女が男に求める「共感能力」を女自身が子どもに向ける。

「60点」という「結果」に目を向けるのは簡単だ。

そこから「100点に届かない」という「事実」を理解するのも簡単だ。

だから「叱る」、というのは「強さ」を求める「父親」の役割。

そして父親ならその「叱る」の中に「どうすれば100点を取れるのか」を一緒に考えてやったり、その方法を示す必要がある。

「父親」に「結果」に対して評価する役割があるとするなら「母親」は「結果」ではなく「過程」を見なければならない。

「60点」という結果だけど「初めての経験」だとか「前は30点しかとれなかった」とか、「スタート地点〜ゴール」までの「過程」に目を向ける。

そうすれば大抵の事が「褒める」という事ができる。

そして子どもに対して「強さ」を求める「父性」に対して「母性」が対抗する事で「良かった点」と「今後の課題」が明確になり、「優先順位」を出力出来る。


「相手の無責任さ」を許容できないのは「母性」によって「最低限」のラインを明確に引かれていないから。

だから100点をとるまで際限なく努力しなければならないし、自分が許された経験がないからこそ、他人を許す事もできない。

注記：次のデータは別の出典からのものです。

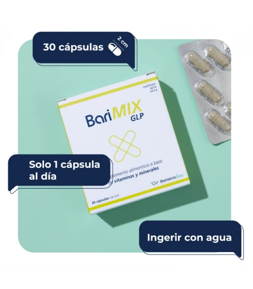 Barimix GLP 30 Cápsulas se presenta en un envase que contiene 30 cápsulas. Esto corresponde a un suministro para un mes, favoreciendo así la consistencia en el uso diario del producto.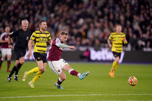 West Ham should have gone ahead shortly before half-time when Bowenâs clever reverse pass found Said Benrahma eight yards out. After Benrahmaâs initial shot was blocked by Hornets keeper Ben Foster, the Algeria international crashed the rebound against the outside of the post.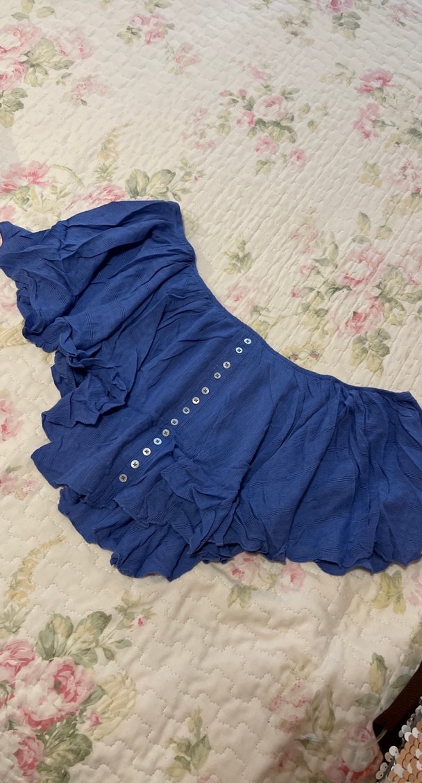 Nakışlı detaylara sahip, pastel mavi renkli, midi boyda ve bol kesim Gözlüklü detaylar ve volanlı katmanlar bulunur.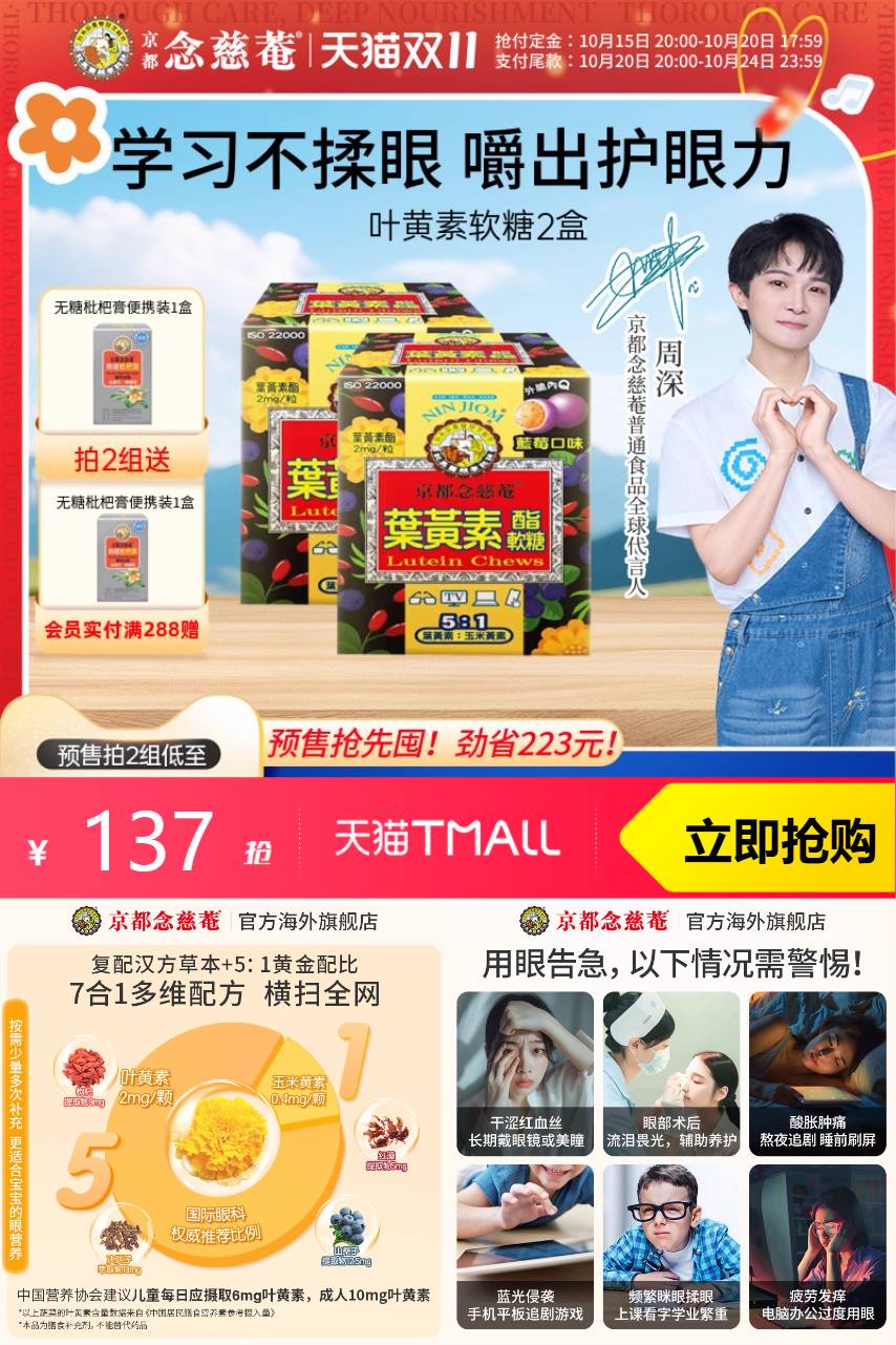 【官方立减15%,9折消费券,到手123.55】17日3天 七组 高金凯 638339845089 京都念慈庵叶黄素软糖2瓶 ,复配汉方草本+5:1黄金配比,7合1多维配方 横扫全网~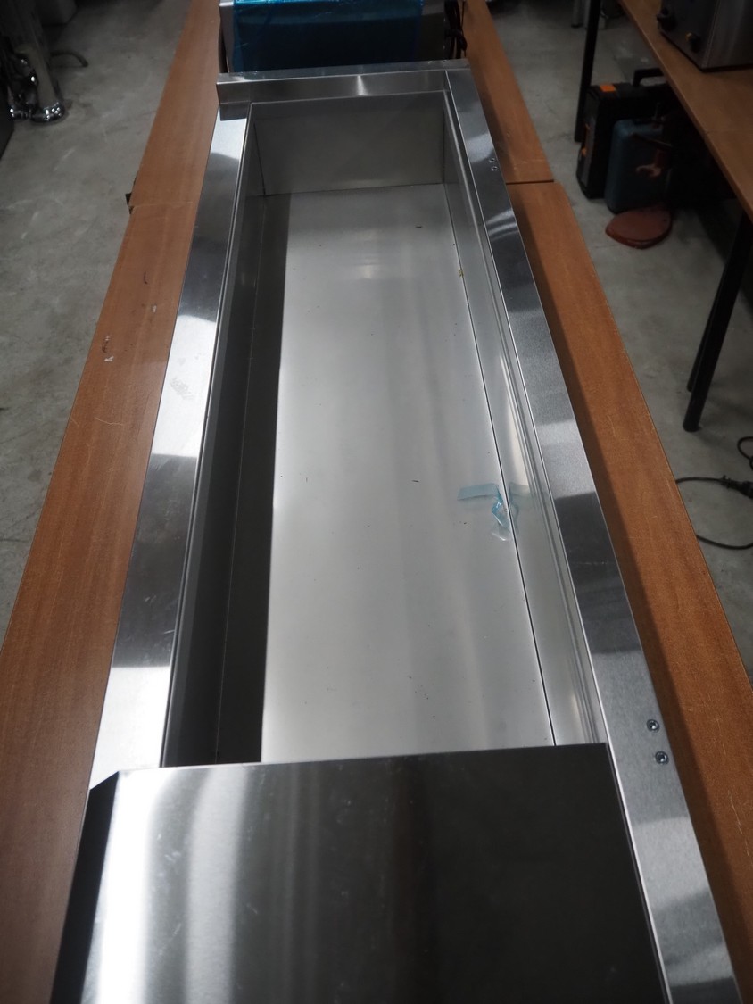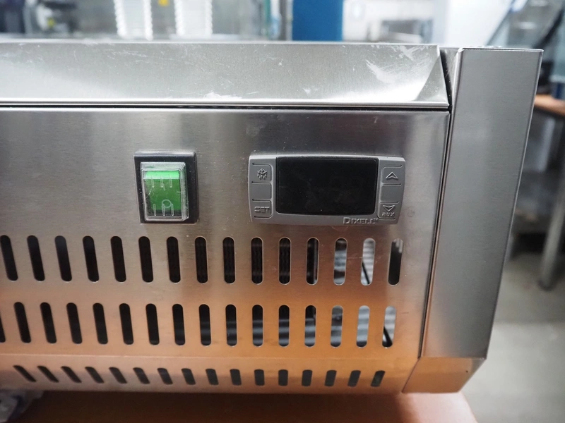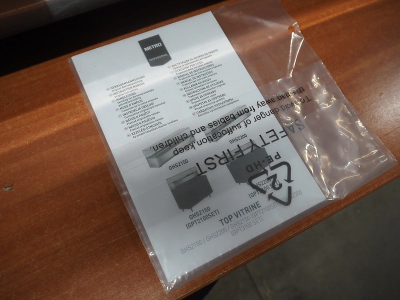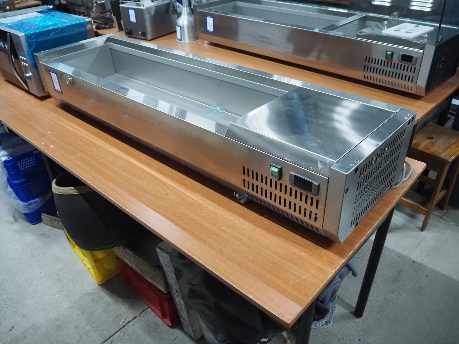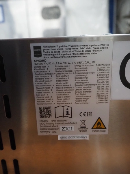 Metro refrigerated showcase, model: GHS2150, 220-240 V, 50 Hz, 2 A, 135 W, refrigerant: R290/0.050 kg, inside dimensions: 1100 mm x 300 mm x 140 mm, total dimensions: 1500 mm x 400 mm x 260 mm.
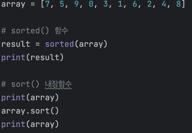 - 이와는 조금 다르게 리스트에서 내부적으로 정렬을 수행하는 방법도 존재한다. 바로 리스트 객체의 내장 함수인 sort()를 이용하는 것이다. 이 내장 함수를 사용하면 새로운 리스트가 반환되지 않고 기존 리스트의 요소가 내부적으로 정렬된다.

「男女平等」によって「男女」がそれまでの「男尊女卑」の社会の「男性」だけが享受出来てきた「自由」を手に入れる事が出来るようになった。

しかしそれは「女の立場の向上」であると共に「女の立場の男性化」でもある。

「女が男性の要素を手に入れる」というのは自分のエッセイで語ってきている基本的な「陰陽」の考え方ではあるがそれは大前提として「女」として成長、つまり「母性」の取得がある。

かつての社会で男だけが手にしていた「自由」を得る、それにともなう「責任」。

そのためには「女」自身の言葉、行動が「子ども」に影響を与え、子どもの気持ちや能力的素質が無視される可能性に対しての「罪の意識」を感じる能力。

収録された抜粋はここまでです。